We have to find critical values of -3x^2 + 6x.
Now the critical values of a function f(x) are points where f'(x) = 0
Here f(x) = -3x^2 + 6x
f'(x) = -3*2*x + 6 = -6x + 6
Equating this to zero
=> -6x + 6 = 0
=> -6x = -6
=> x = -6 / -6
=> x = 1
Therefore the critical value of -3x^2 + 6x is at x = 1.
Let the function f(x) = -3x^2 + 6x.
We need to determine the critical values of the function y.
First, we need to determine the first derivative of the function y.
==> y = -3x^2 + 6x
==> y' = -6x + 6.
Now we know that the critical values are the derivative zeros.
==> -6x + 6 = 0
We will subtract 6 from both sides.
==> -6x = -6
==> Now we will divide by -6.
==> x = -6/-6
==> x = 1
==> Then the crtitical values of y is x = 1.

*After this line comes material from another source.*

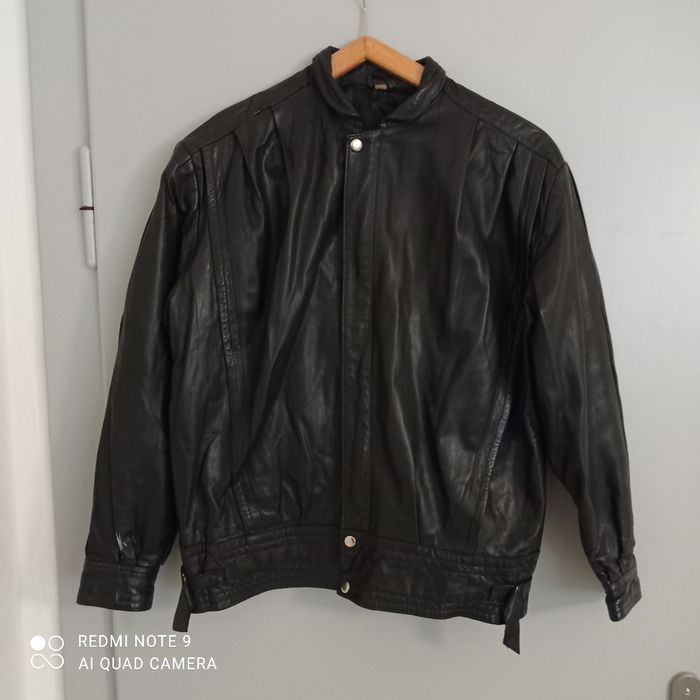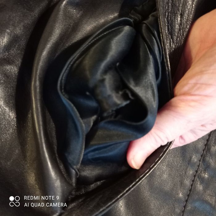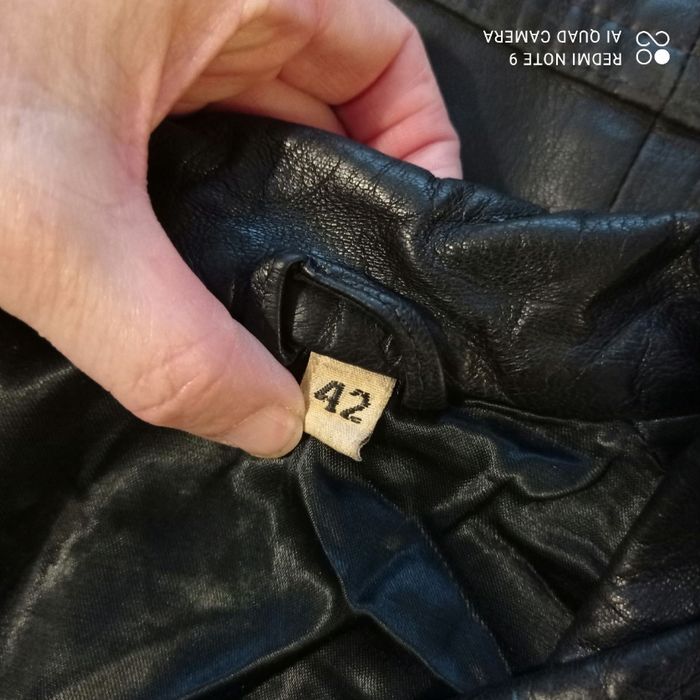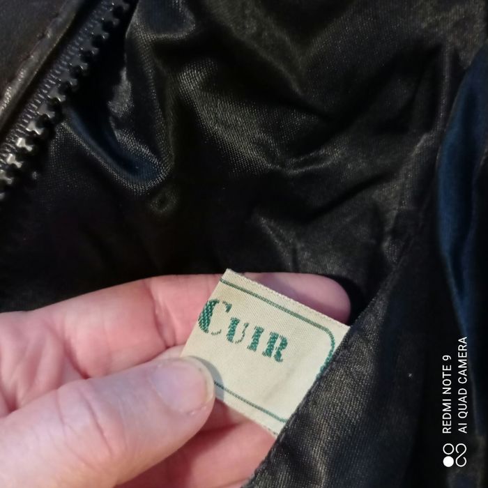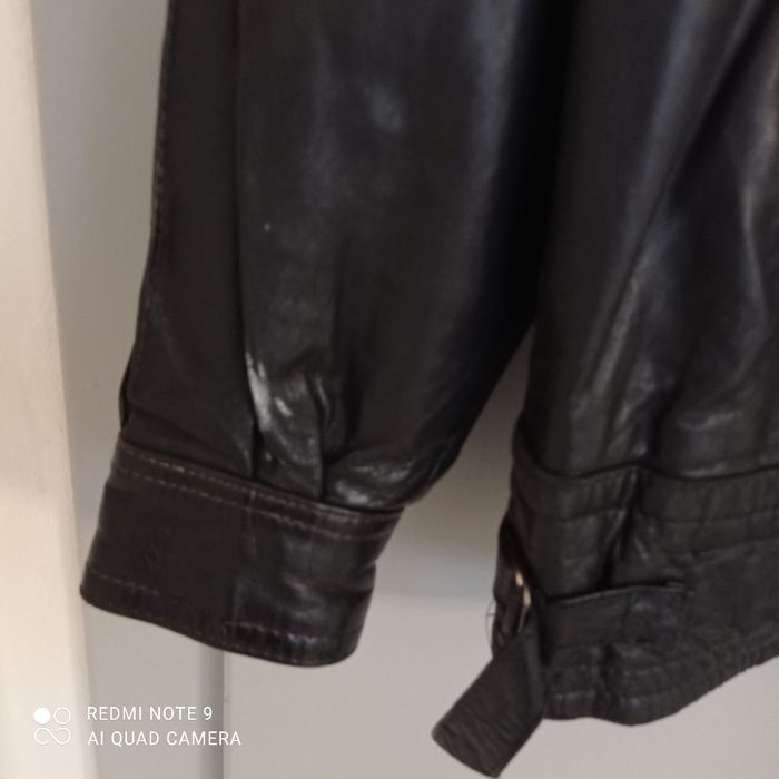 Quelques petits défauts : une trace blanche, un bouton pression défectueux, la doublure d une poche est décousue. Cuir voir étiquette en photo. Étiqueté t42 mais selon moi taille plus petit. Voici les mesures prises à plat : épaules : 50cm, aisselles : 64cm, longueur : 68cm.

The critical value of the function is the value of x that cancels the first derivative of the function.
f'(x) = (-3x^2 + 6x)'
f'(x) = -3*2x^1 + 6
f'(x) = -6x + 6
Now, we'll determine the roots of the equation f'(x) = 0.
-6x + 6 = 0
We'll subtract 6 both sides:
-6x = -6
We'll divide by -6:
x = 1
The critical value for f(x) is x = 1.
Now, we'll determine the local extreme of the given function, substituting x by the critical value.
f(1) = -3*1^2 + 6*1
f(1) = -3 + 6
f(1) = 3
The maximum point of the function is the vertex of the parabola and it has the coordinates: (1 ; 3).